In [1]:
from pyspark.sql import *
import singer
import json
from pprint import pprint

In [2]:
json_schema = {
  "properties": {
    "id": {
        "type": "integer"
    },
    "name": {
        "type": "string"
    },
    "age": {
        "maximum": 90,
        "minimum": 16,
        "type": "integer"
    },
    "has_children": {
        "type": "boolean"
    },
  },
  "$id": "my_user_schema.json",
  "$schema": "http://json-schema.org/draft-07/schema#"
}

singer.write_schema(schema=json_schema,
                    stream_name='DC_employees',
                    key_properties=['id'])

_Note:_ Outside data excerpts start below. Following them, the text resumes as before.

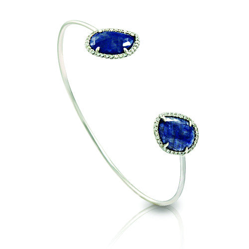 Bangle Cuff Bracelet With Slice Sapphire And 0.35ct Round Diamond,14k White Gold.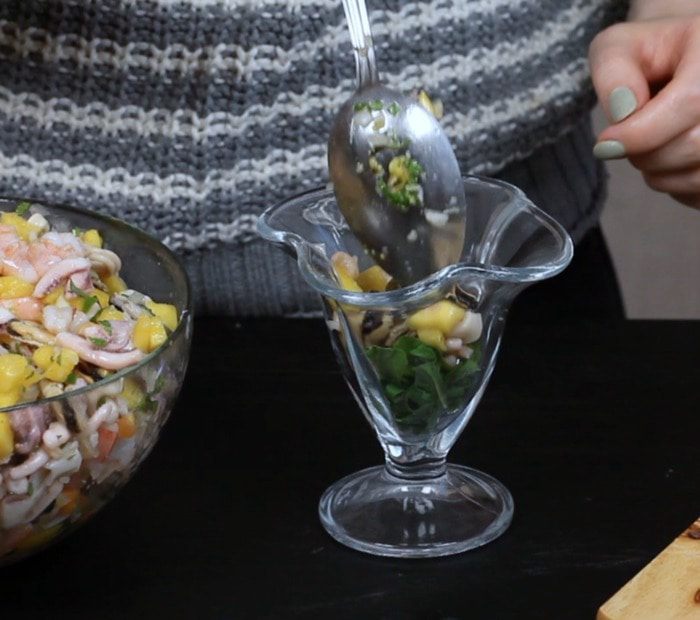Остаётся только сервировка. Сначала кладём слой руколы, затем слой севиче. Повторяем, пока не заполним полностью креманки.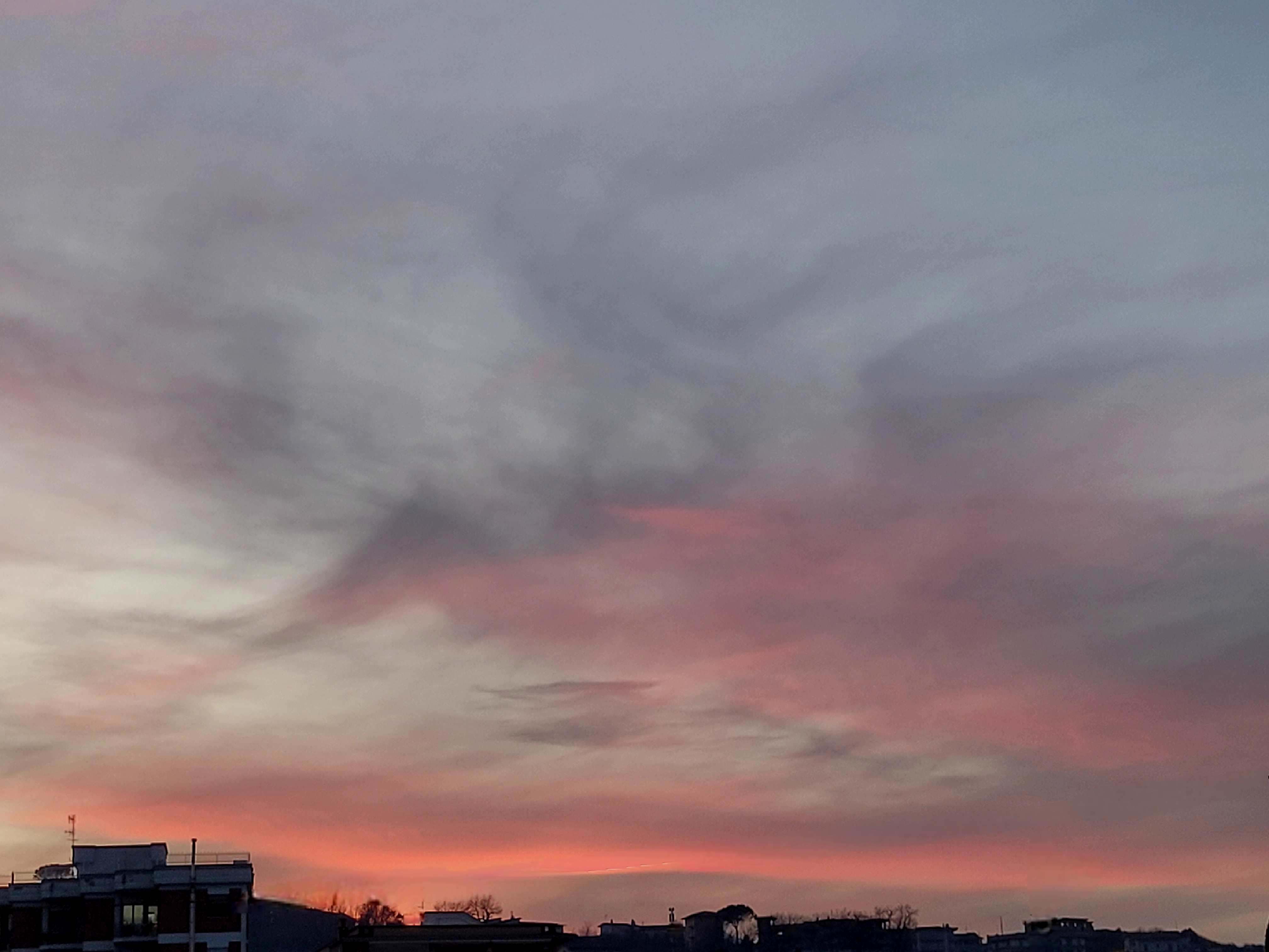 Am Himmel gab es einige Cirrus spissatus- und Cirrus fibratus-Wolken, sodass wir bei Sonnenuntergang einige Farben beobachten konnten. Campania, Italy. 15.01.2026-17.14.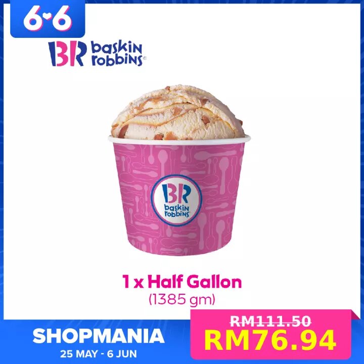 iii)Baskin Robbins Handpacked Ice Cream – 1 x Half Gallon Lazat F&B eCoupon – RM111.50 RM76.94;购买【点击这里】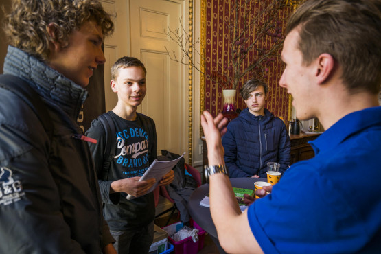 ‘Ik vond het erg handig dat ze alle studies afgingen en vertelden wat er zoal bij komt kijken,’ vertelt Pauline (17), die met twee klasgenoten vanuit Heerhugowaard naar de Herengracht afzakte. ‘Het heeft de Universiteit Twente voor mij op de kaart gezet. Ik wist hiervoor eigenlijk niet eens dat het bestond.’ Oof (17) knikt beamend: ‘De Universiteit van Amsterdam of de TU van Delft zijn de grote universiteiten waar je veel over hoort. De UT is dat niet. Enschede is hier ook best een stukkie vandaan – dat speelt ook mee.’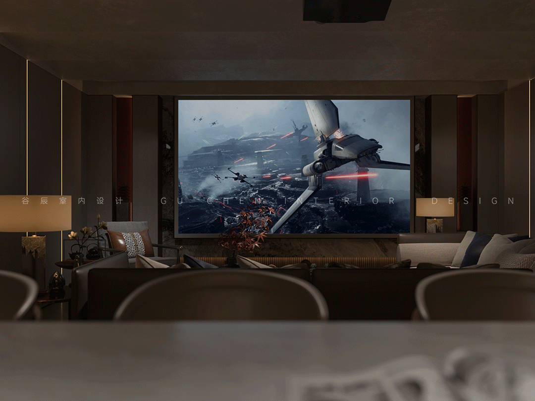 2. 茶室和影音室秉承大空间、多座椅的原则,用新中式元素为屋主搭建了高级而沉稳的两大娱乐空间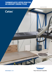 The part, made using TenCate Cetex® TC1320 C/PEKK uni-directional tape, is 6-meters long and 28-millimeters thick. Using a pylon upper spar made of composite instead of steel allows aircraft manufacturers to reduce production costs and weight, and thus save on fuel consumption of aircraft.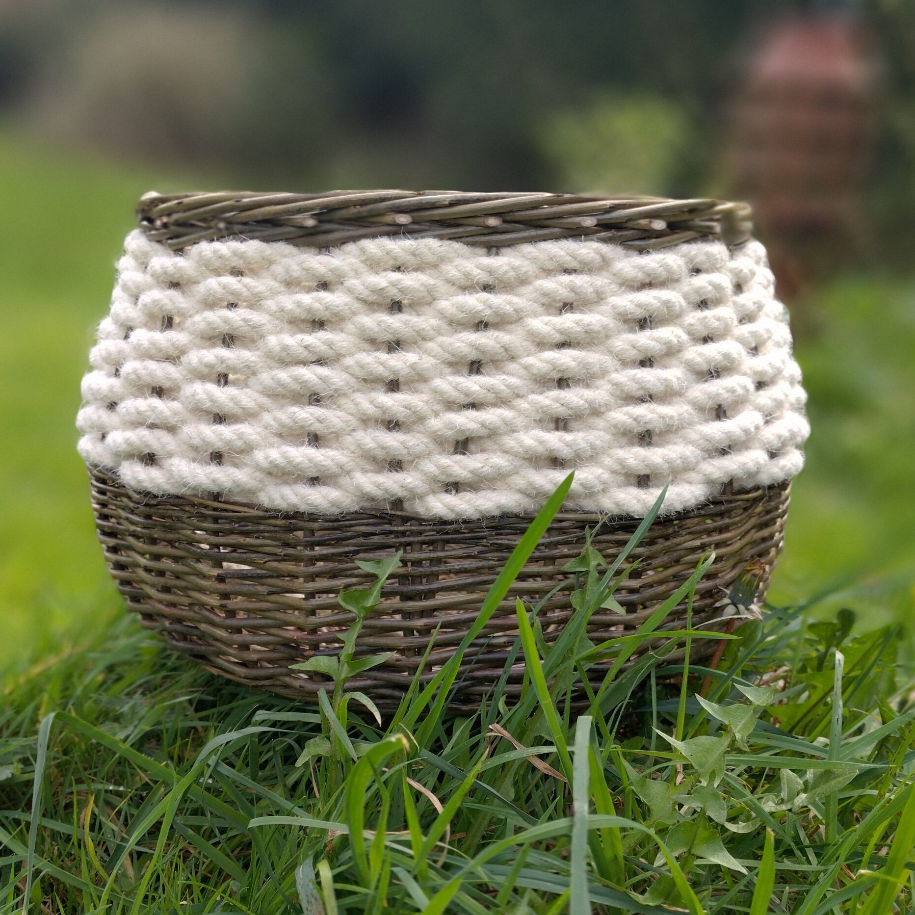 “It’s Not That Deep” is an artisan made, circular storage basket. Woven using traditional techniques from authentic Welsh Mountain Wool rope and British grown willow. By The Woollen Cwtch Company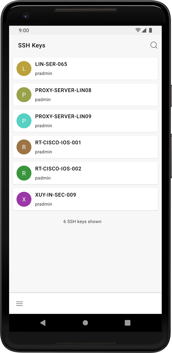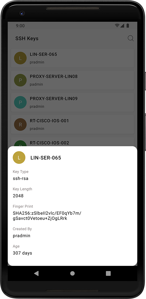 ナビゲーションメニューのSSHキーオプションをタップし、PAM360リポジトリで管理しているすべてのSSHキーを表示します。SSHキーをタップし、キータイプ、キー長、キーの指紋、キーを作成したユーザー名、およびキーの年齢等、キーの詳細を表示します。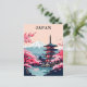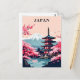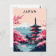 Un ilustracion japonés de postales de viaje con el Monte Fuji, una pagoda japonesa tradicional, y florecientes cerezos en primavera. Un recuerdo japonés perfecto o una postal de arte colectivo para viajeros y amantes del arte.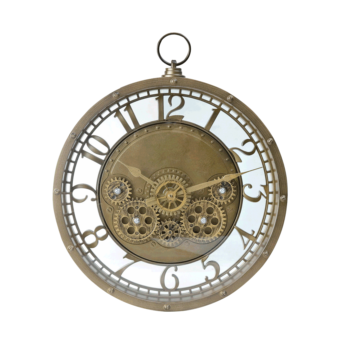 RELÓGIO DE PAREDE VINTAGE COM ENGRENAGENS VISÍVEIS E COR ENVELHECIDA 26,7X26,7X5,3 - FJ90510-DOU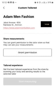 Choose Adam Men's Fashion and push your measurements. Adam Men's Fashion will then retrieve your precise measurements

{"type": "SCHEMA", "stream": "DC_employees", "schema": {"properties": {"id": {"type": "integer"}, "name": {"type": "string"}, "age": {"maximum": 90, "minimum": 16, "type": "integer"}, "has_children": {"type": "boolean"}}, "$id": "my_user_schema.json", "$schema": "http://json-schema.org/draft-07/schema#"}, "key_properties": ["id"]}


In [3]:
products_schema = {
  "properties":{
    "brand":{
        "type":"string"
    },
    "model":{
        "type":"string"
    },
    "price":{
        "type":"number"
    },
    "currency":{
        "type":"string"
    },
    "quantity":{
        "type":"number",
        "minimum":1
    },
    "date":{
        "type":"string",
        "format":"date"
    },
    "countrycode":{
        "type":"string",
        "pattern":"^[A-Z]{2}$"
    },
    "store_name":{
        "type":"string"
    }
  }
}

singer.write_schema(stream_name='products', schema=products_schema, key_properties=[])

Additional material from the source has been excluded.